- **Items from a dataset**
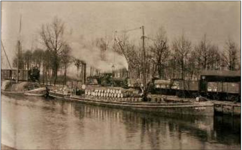
De haven van Veghel, waar de NBDS goederen van het spoor naar de eigen bootdienst oversloeg.
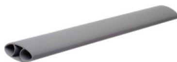
Reposamuñecas para Teclado
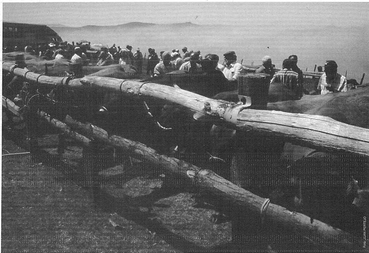
Os reses esperando a qu'os sous amos amañen trato

Metidos xa nel Monte da Curiscada, saco eu qu'el sou nome terá que ver con algún furado ou cavidad, igual con escavacióis feitas polos romanos pra sacar el ouro, que por eiquí hai mui ben d'elas.
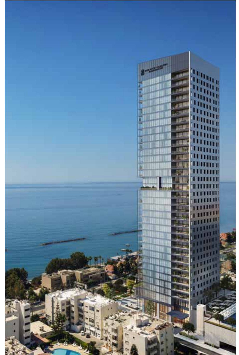
Ritz-Carlton Residences Λεμεσός / Limassol, CY

Project Developer: Marfields Enterprises
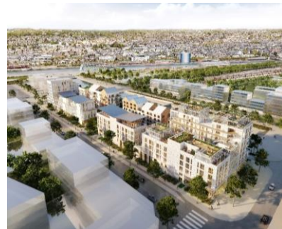
Gaïa – Odysée Immobilier – Atelier des 2 anges
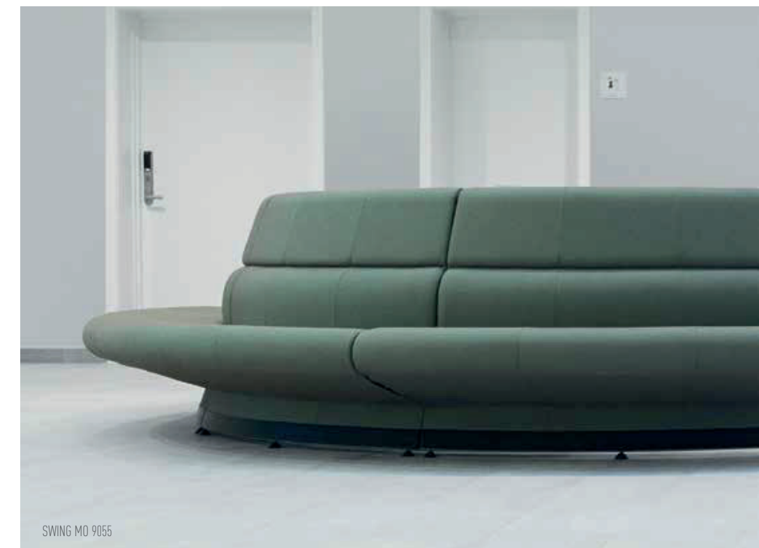
SWING MO 9055
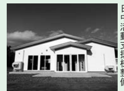
日中活動支援棟整備
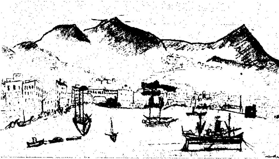
ספינת המעפילים 'גלוס', בשהותה בנמל סלונקי - רישום מתוך יומנו של אליקום (פנידה) שפע

בישיבת הנהלת הסוכנות היהודית שהתקיימה בפברואר 1936, דיבר בן-גוריון, יושב-ראש ההנהלה הציונית, על עניין הגאליזאציה לעולים שהסתגנו ארצה מאז שנת 1931 כעל הונגרות בין ענייני הפרט - העולים הבלתי-גאליים המצויים בארץ - וענייני הכלל - היהודים בחוץ-לארץ המחכים לתורם לעלייה ארצה. הוא סבר, שהנהלת הסוכנות היהודית צריכה לדרוש את טובת הכלל, וכי אין להקציב רשיונות לעולים הבלתי-גאליים המצויים כבר בארץ; אסור לשחרר את הממשלה מהדאגה הזאת, היא ניכחה מהשריולים [מכסות-עלייה] בתור קנס כער הבלתי-גאליים יותר מ-6000 רשיונות, ואין זה נכון מצידה גם לנכות את הרשיונות וגם למנוע את אישורם. 6 בן-גוריון סבר, כי עדיין לא מוצו כל האפשרויות, ולא נעשו כל המאמצים; העניין טרם הובא לפני הממשלה בלונדון וכפני ועדת המנדטים של חבר הלאומים. לא הופעלו מספיק לחצים על השלטונות וגם לא הופעלו כל הגורמים הציבוריים.
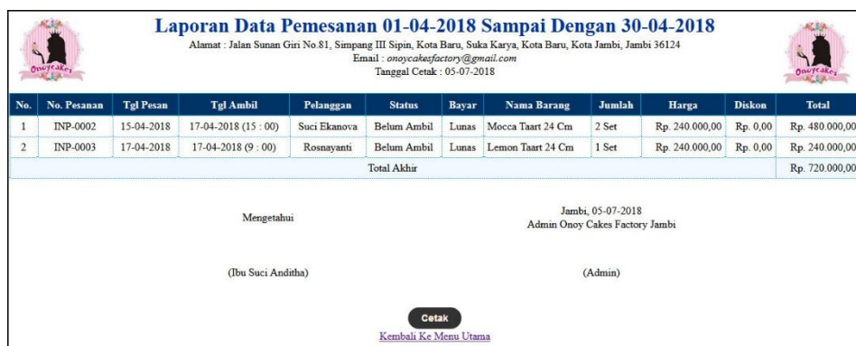
Gambar 5.12 Laporan Pemesanan Barang Belum Diambil

Halaman laporan pemesanan barang belum diambil menampilkan informasi mengenai pemesanan produk yang belum diambil oleh pelanggan dengan detail dari produk yang telah dipesan. Gambar 5.12 laporan pemesanan barang belum diambil merupakan hasil implementasi dari rancangan pada gambar 4.41
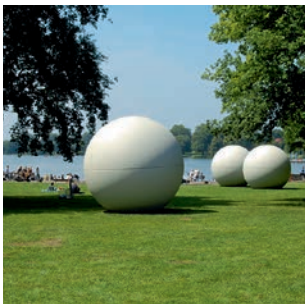
Kultur erleben, Entspannung genießen: Naherholung am Aasee
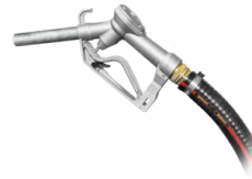
TUBO CON PISTOLA DI SCARICO

Cartuccia antiolio per protezione del motore
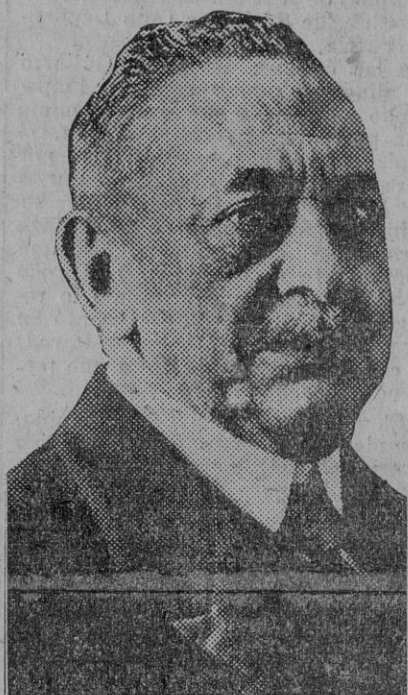
El marqués de Alhucemas, á quien á última hora han logrado convencer para que acepte una cartera en el Gobierno de concentración monárquica.

decía que iba á ser llamado á Palacio el general Saro. Al oír esto el conde de Maceda, poniéndose las manos en la cabeza, dijo: —Pero qué cosas se dicen! Vaya, señores, hasta luego.
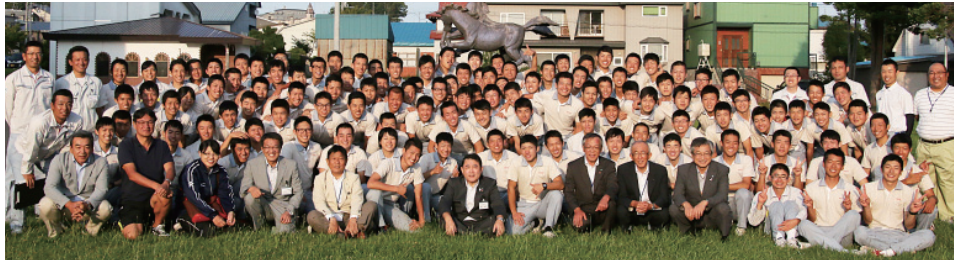
約120人のトヨタ工業学園専門部（平成26年8月）
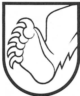
Fig. 1. Büren et Nidau.

Le premier sceau officiel de Berne, datant de 1224, montre un ours posé en bande. Ce blason parlant au plantigrade populaire et redouté a été porté dès lors par la République et la Ville de Berne ( de gueules à la bande d'or chargée d'un ours de sable langué, armé et vilené de gueules ). La patte droite de l'ours a été concédée à trois bailliages après leur conquête par les troupes bernoises ou leur occupation: Büren en 1388, Nidau en 1393 et Erlach en 1476. Armoiries de Büren: de gueules à la patte d'ours d'argent mouvant du flanc senestre (Fig. 1); de Nidau: d'argent à la patte d'ours de gueules mouvant du flanc senestre (Fig. 1); d'Erlach (Cerlier): de gueules à la patte d'ours de sable mouvant du flanc senestre tenant un aune (en allemand: Erle) de sinople au tronc d'or (Fig. 2). Ces bailliages sont aujourd'hui districts du même nom.
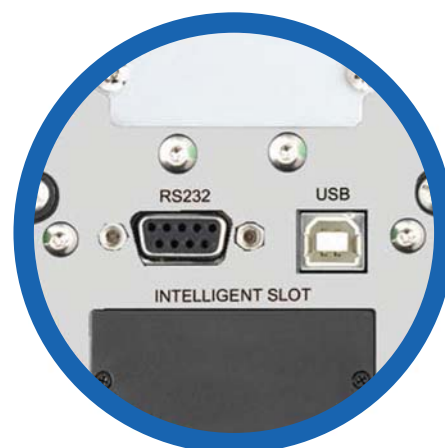
Puertos de comunicación
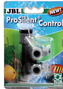
JBL ProSilent Control Ayarlanabilir hassas hava kesme musluğu
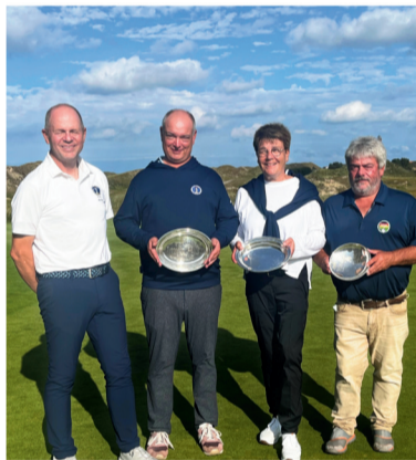
Von frostigem Saisonstart bis spätsommerlichem Turnierfinale: 2025 zeigte sich der Platz wie gewohnt facettenreich.

Der Winter konnte in diesem Jahr auch bei uns für ein paar Tage frostig sein, mit Tiefstwerten bis rund minus 4,7 Grad im Februar.

- **Exercise instructions**
Above are entries with pictures among them. Write out exactly the lines from the one containing "בישיבת הנהלת הסוכנות" through the one containing "El marqués de", ends included, and leave those pictures out.

- **Result for this task**
בישיבת הנהלת הסוכנות היהודית שהתקיימה בפברואר 1936, דיבר בן-גוריון, יושב-ראש ההנהלה הציונית, על עניין הגאליזאציה לעולים שהסתגנו ארצה מאז שנת 1931 כעל הונגרות בין ענייני הפרט - העולים הבלתי-גאליים המצויים בארץ - וענייני הכלל - היהודים בחוץ-לארץ המחכים לתורם לעלייה ארצה. הוא סבר, שהנהלת הסוכנות היהודית צריכה לדרוש את טובת הכלל, וכי אין להקציב רשיונות לעולים הבלתי-גאליים המצויים כבר בארץ; אסור לשחרר את הממשלה מהדאגה הזאת, היא ניכחה מהשריולים [מכסות-עלייה] בתור קנס כער הבלתי-גאליים יותר מ-6000 רשיונות, ואין זה נכון מצידה גם לנכות את הרשיונות וגם למנוע את אישורם. 6 בן-גוריון סבר, כי עדיין לא מוצו כל האפשרויות, ולא נעשו כל המאמצים; העניין טרם הובא לפני הממשלה בלונדון וכפני ועדת המנדטים של חבר הלאומים. לא הופעלו מספיק לחצים על השלטונות וגם לא הופעלו כל הגורמים הציבוריים.
Gambar 5.12 Laporan Pemesanan Barang Belum Diambil

Halaman laporan pemesanan barang belum diambil menampilkan informasi mengenai pemesanan produk yang belum diambil oleh pelanggan dengan detail dari produk yang telah dipesan. Gambar 5.12 laporan pemesanan barang belum diambil merupakan hasil implementasi dari rancangan pada gambar 4.41
Kultur erleben, Entspannung genießen: Naherholung am Aasee
TUBO CON PISTOLA DI SCARICO

Cartuccia antiolio per protezione del motore
El marqués de Alhucemas, á quien á última hora han logrado convencer para que acepte una cartera en el Gobierno de concentración monárquica.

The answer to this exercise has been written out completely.